After getting some work done in the lounge, I went out to the gate for boarding, only to realize that the flight was delayed nearly an hour. Well, that was the perfect chance to head back here to grab an Italian Beef, especially since that Polish dog wasn't quite enough. Their Italian Beef wasn't drenched in as much juice as the one I had at Al's #1, but the giardiniera hot peppers still helped make this otherwise plain sandwich a pleasure to eat, all to be complemented with some Old Style beer (hey, it sure beats PBR).

Wednesday, April 28, 2010

Cuban Sandwiches To Go, Orlando

Cuban Sandwich

One of the other things I had to get when I was in Florida was Cuban food. Orlando isn't exactly the hotbed of Cuban food like Miami is, but apparently this shop (1605 Lee Road, 407-578-8888) knew how to do it right. So after a long day of events I took the chance to quickly head out and try one of these Cuban sandwiches.

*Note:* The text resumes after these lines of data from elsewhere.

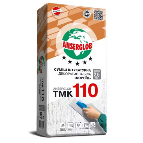 Основні характеристики Штукатурка декоративна "Короїд" Anserglob (Ансерглоб) TMK-110 зерно 2мм біла 25кг
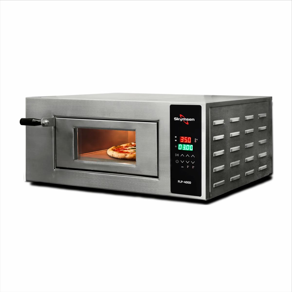 O Forno de Pizza Elétrico Skymsen FLP 400D e eleve sua produção de pizzas a um novo patamar! Com potência incrível de 3.300 W e capacidade de atingir 450°C em minutos, este forno garante assamento uniforme em apenas 2-3 minutos. Sua estrutura em aço inoxidável oferece durabilidade, enquanto as dimensões generosas permitem pizzas de até 40 cm de diâmetro. Controle de temperatura independente e painel digital intuitivo garantem resultados perfeitos, enquanto a escova de limpeza inclusa facilita a manutenção. Não perca tempo, surpreenda seus clientes com pizzas deliciosas e rápidas - escolha o Forno de Pizza Skymsen FLP 400D agora mesmo!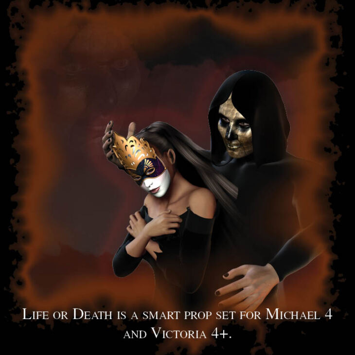 Live or death is a smart prop mask set for Michael 4 and Victoria 4. The are three smart props, A mask for Victoria 4+, a mask and hood for Michael 4.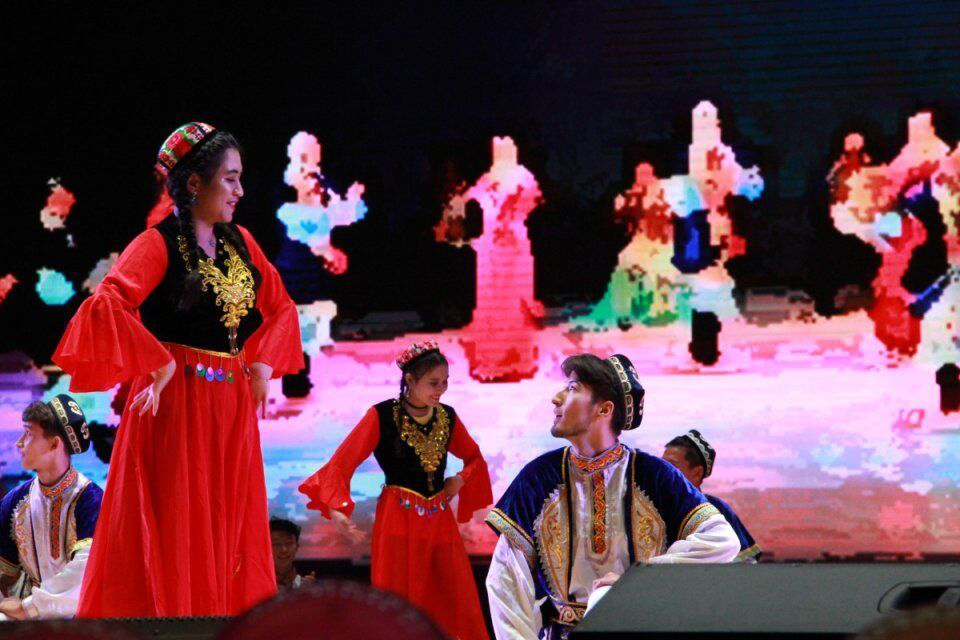 少数民族预科班的同学们用一段优美热情的民族舞《葡萄熟了》,向大家展现了新疆别样的异域风情,起舞弄清影,何似在人间。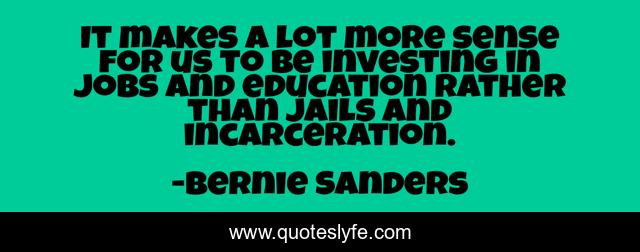 This page presents the quote "It makes a lot more sense for us to be investing in jobs and education rather than jails and incarceration.". Author of this quote is Bernie Sanders. This quote is about investing, jobs, sense,.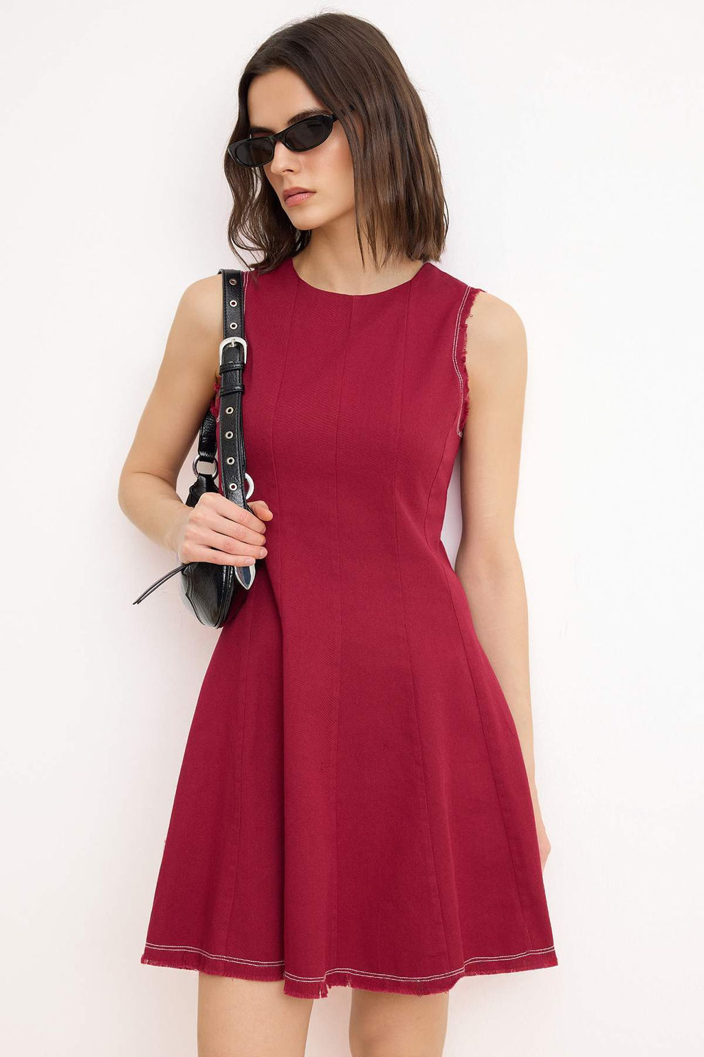 Visne Etegi Volanl? Kolsuz K?sa / Mini Dokuma Elbise TWOSS26EL00423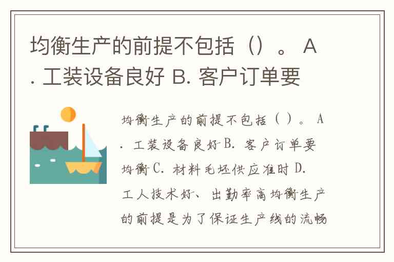 A. 工装设备良好:生产线的工装设备需要保持良好状态,这样才能保证生产过程的高效性和稳定性,是均衡生产的必要前提。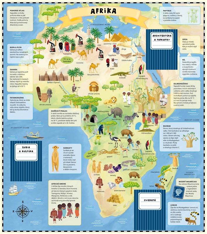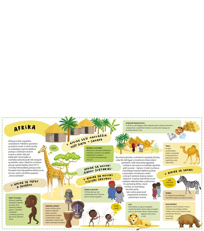 Atlas sveta pre deti je určený všetkým malým cestovateľom, ktorí sa chcú dozvedieť množstvo informácií o planéte, na ktorej žijú. Každému svetadielu alebo kontinentu je venovaná samostatná kapitola a predovšetkým veľká rozkladacia mapa, na ktorej je pomocou farebných ilustrácií prehľadne vyobrazené to, čo je pre daný svetadiel alebo kontinent najtypickejšie. Na čitateľov tu čaká veľké množstvo informácií o obyvateľoch jednotlivých častí sveta, o zvieratách, ktoré tu žijú, o rastlinách, ktoré tu rastú, ale aj o miestnej architektúre, ľudových tradíciách a kultúre vôbec.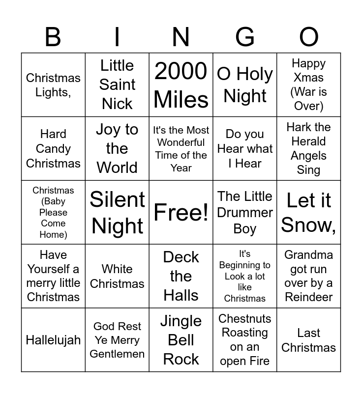 This bingo card has a free space and 49 words: All I Want for Christmas Is You, Last Christmas, Rockin Around the Christmas Tree, Jingle Bell Rock, White Christmas, Santa Baby, Little Saint Nick, Happy Holidays, Hard Candy Christmas, Christmas Wrapping, Joy to the World, O Holy Night, Grandma got run over by a Reindeer, It's Beginning to Look a lot like Christmas, Please Come Home for Christmas, Do They Know its Christmas, It's the Most Wonderful Time of the Year, The Little Drummer Boy, Holly Jolly Christmas, Happy Xmas (War is Over), Silent Night, Chestnuts Roasting on an open Fire, Christmas Lights,, Do you Hear what I Hear, Jingle Bells, Hark the Herald Angels Sing, Hallelujah, Baby it's cold outside, Deck the Halls, Have Yourself a merry little Christmas, O Christmas Tree, Blue Christmas, Dominick the Donkey, Feliz Navidad, God Rest Ye Merry Gentlemen, Mr. Heatmiser, Mr. Snowmiser, O Come All Ye Faithful, Let it Snow,, This Little Light of Mine, Rudolph the Red Nosed Reindeer, Santa Tell Me, Underneath the Tree, Sleigh Ride, Christmas (Baby Please Come Home), 2000 Miles, DJ Play a Christmas Song, Christmas Tree Farm and Mistletoe.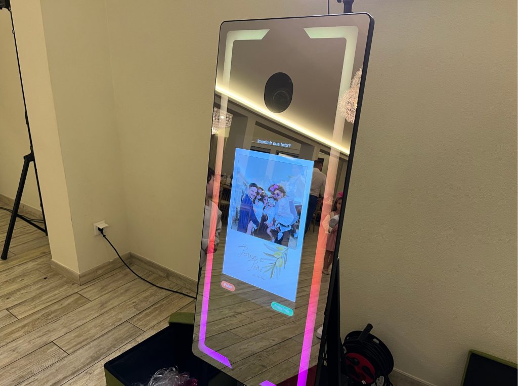 O mirror booth é uma forma elegante e interativa de tirar fotos, combinando diversão e sofisticação para criar lembranças personalizadas em qualquer evento.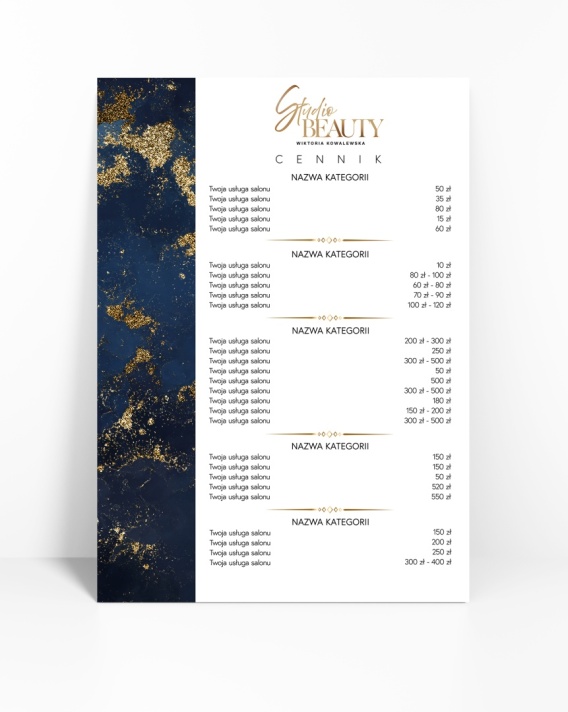 Cennik usług granatowo-złote tło, A4 lub A3 (CN9)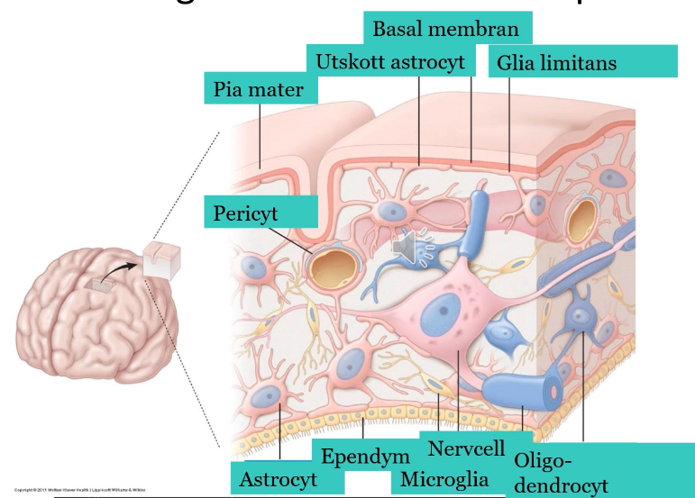 Gliaceller (utgör stöd för nervcellerna)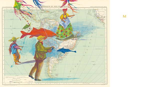 Des anciennes cartes d'atlas sur lesquelles elle a laissé danser ses couleurs et ses pinceaux. C'est un livre plein de poésie, pour faire réfléchir à l'état du monde. C'est la réédition d'un livre né il y a 7 ans, réédition revue et corrigée car le monde va encore plus mal qu'il y a 7 ans.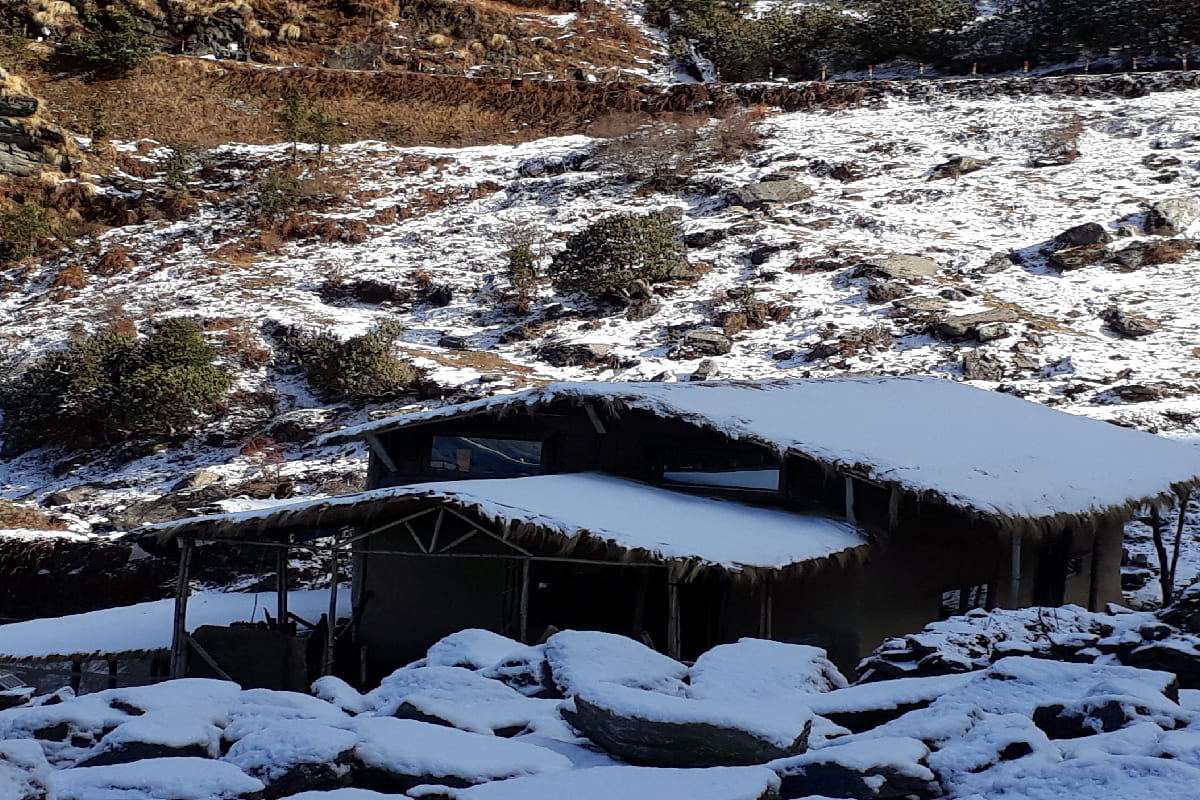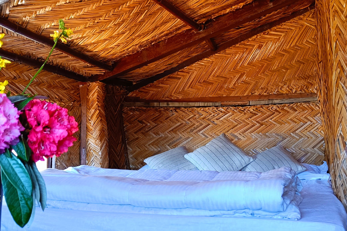 Designed specifically for the backpacking travellers the Mud Hut is a perfect blend of a hostel and a home away from home. Made with local stone and wood, the rustic Mud Hut takes you back to your roots and let's you connect with nature in a unique way. The three small cosy rooms on the first floor keep you warm during winters due to the thatched roof and mud & cow dung plaster on the walls. The Hut has a private sit out and a common indoor sitting area also.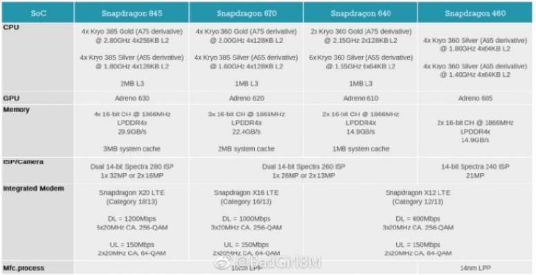 Em uma publicação na rede social chinesa Weibo, um usuário diz ter tido acesso às especificações dos novos Snapdragon 670, 640 e 460. Mais do que isso, ele mostrou uma tabela comparativa, que coloca as características dos chips lado a lado, como a Qualcomm realmente costuma fazer quando anuncia um novo componente.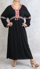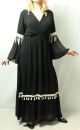 Robe noire longue et ample (large) avec broderies et petits pompons multi-couleurs (100 % coton) - REF. 31670 (29.90 €)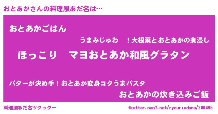 | 男性向けラノベタイトル風あだ名 | 『この素晴らしい世界におとあかを!』 |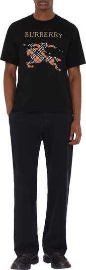 A crew-neck T-shirt made from cotton jersey. Cut to a relaxed fit, the style is cross-stitched with our logo and Equestrian Knight Design in Burberry Check.||Rib-knit trims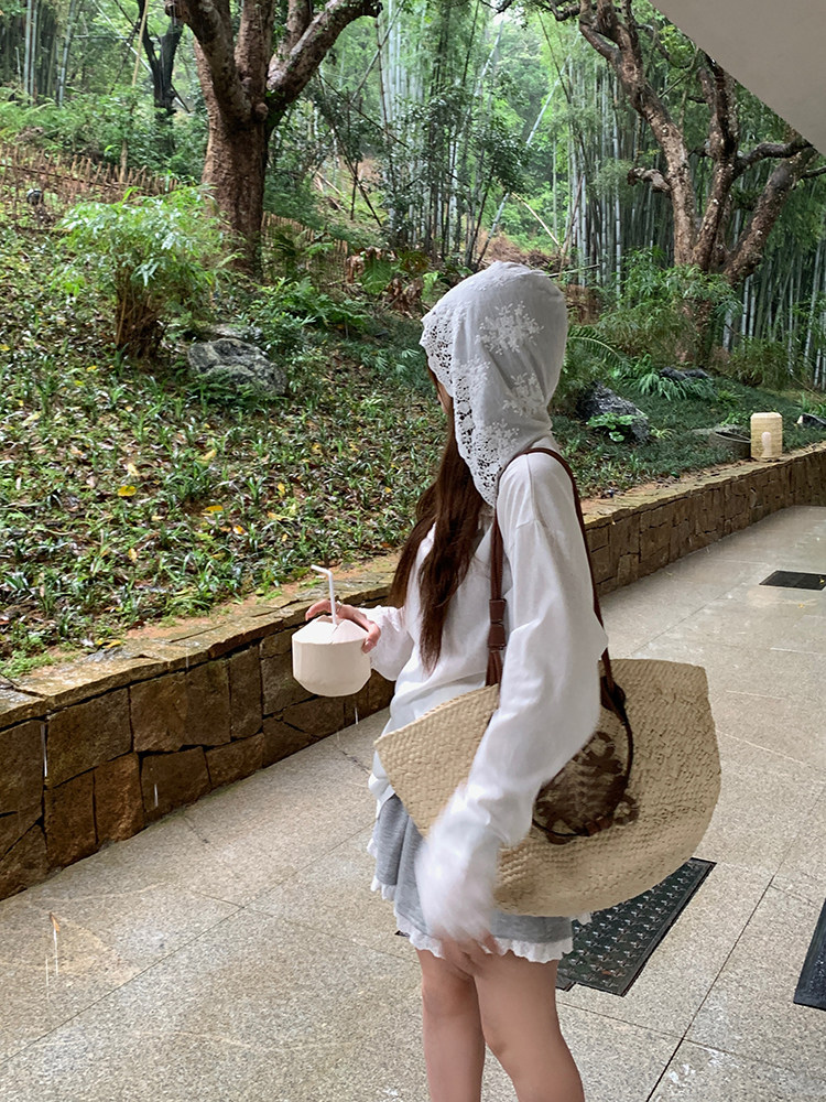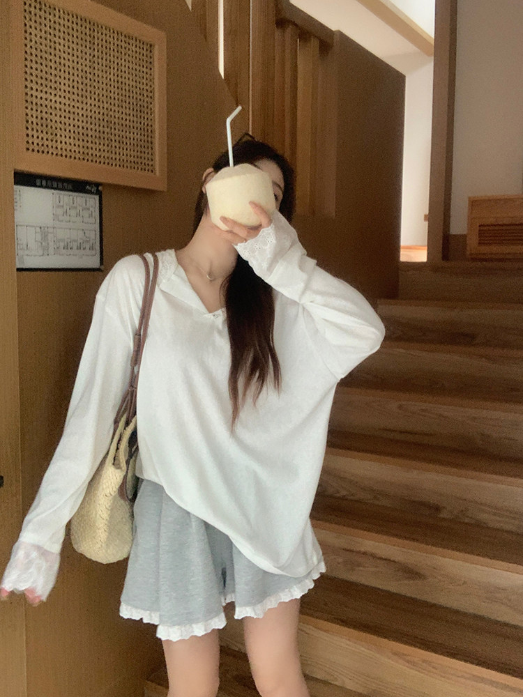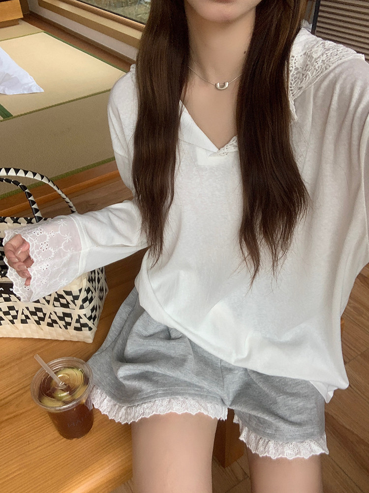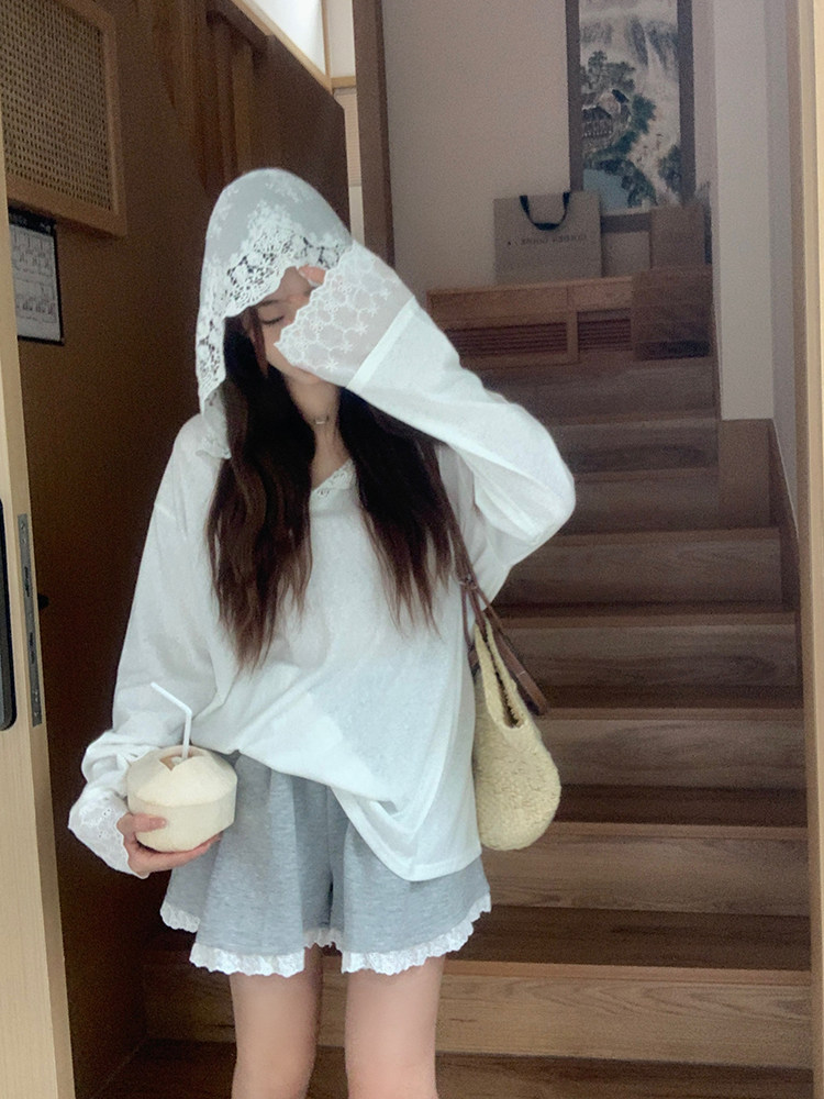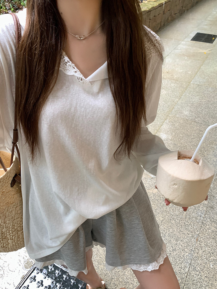 面料:雪花棉拼蕾絲 厚度:薄款 版型:寬松 內襯:無 拉鏈:無 彈力:無彈 肩帶:無

On paper, it didn't sound like anything too interesting. And when it came out, it looked like any old ham and cheese sandwich with some pickles and mustard. But when I bit into it, I finally figured out what all of the fuss was about. It was the bread: light, airy, and crispy...almost like a very thick wafer or something.

The bread was so appealing that I devoured the thing, even though I wasn't really that hungry and still had a business dinner scheduled later. I don't even really remember the meat inside as I was too obsessed with the bread. Apparently lard is one of the things that goes into the baking process, which definitely explains a few things.

Epilogue: one thing I forgot to get here was one of those little Cuban coffees, so I picked one up at Orlando airport on the way back home the next day. I was surprised by how super sweet it was - in a good way. I could easily get more of those, if they didn't make me bounce off the walls, that is.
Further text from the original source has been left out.